Aligned pdb file: mysim_aligned.pdb
RMSF data file: mysim_rmsf.dat
RMSD data file: mysim_rmsd.dat

Number of frames considered: 5
Average RMSD of all atoms: 2.01
Average RMSD of the 80.0% atoms of lowest RMSD: 1.13
Average RMSD of the 20.0% atoms of highest RMSD: 5.31

Frame indices availabe in field: frame_indices
RMSD data availabe in fields: rmsd_low, rmsd_high, and rmsd_all

RMSF data availabe in field: rmsf (Number of atoms: 43)
-------------------------------------------------------------------

We now see that we can, in average, align 80% of the atoms in all frames to 1.13Å. The output RMSD and RMSF data is available in the md data structure, and additionally three files were generated, containing:

  1. mysim_aligned.pdb: a sequence of PDB files of the aligned trajectory.
  2. mysim_rmsd.dat: the RMSD data for low, high, and all atoms.
  3. mysim_rmsf.dat: the RMSF data for the atoms, resulting from the robust alignment.

We can plot an overview of the results with:

plot(md)
Example block output

And we can see that, in this short (5-frame) trajectory, the N-terminal region of the protein is the one responsible for the structural deviations, while there is a rigid structural core between residues I221 and K249.

Step 3: Visualization of the aligned trajectory

The PDB file created by mdlovofit contains the frames aligned to the reference frame, according to the robust alignment based on the least mobile substructure (determined by fraction). The file contains multiple models, separated by the END keyword.

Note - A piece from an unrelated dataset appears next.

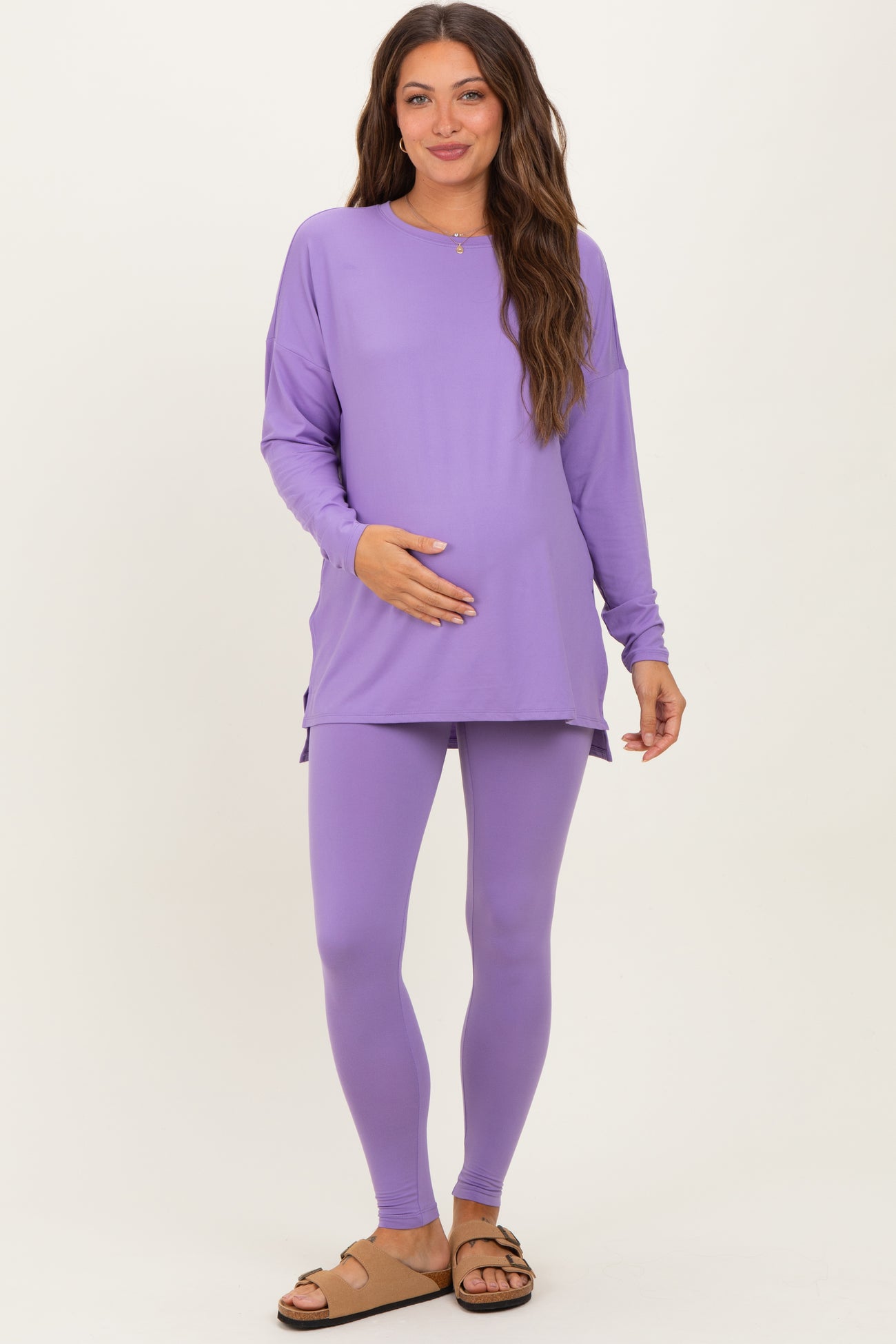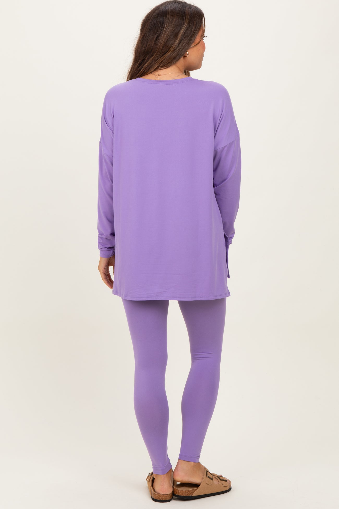 Lavender Brushed Knit Oversized Top and Legging Maternity Set

The occupancy field of the atoms determines if the atom was used in the aligment, thus if it was found among the least mobile atoms of the simulation. The beta field contains the RMSF of the atom, in each frame.

Using, for example, VMD, it is possible to display all frames at once, colored by occupancy, providing an overview of the mobility of the structure:

mdlovofit.png

This structural superposition and the associated colors are correlatd with the RMSF plot above. Red atoms were not used for the aligment and display high mobility, and blue atoms represent the stable core of the structure and were aligned.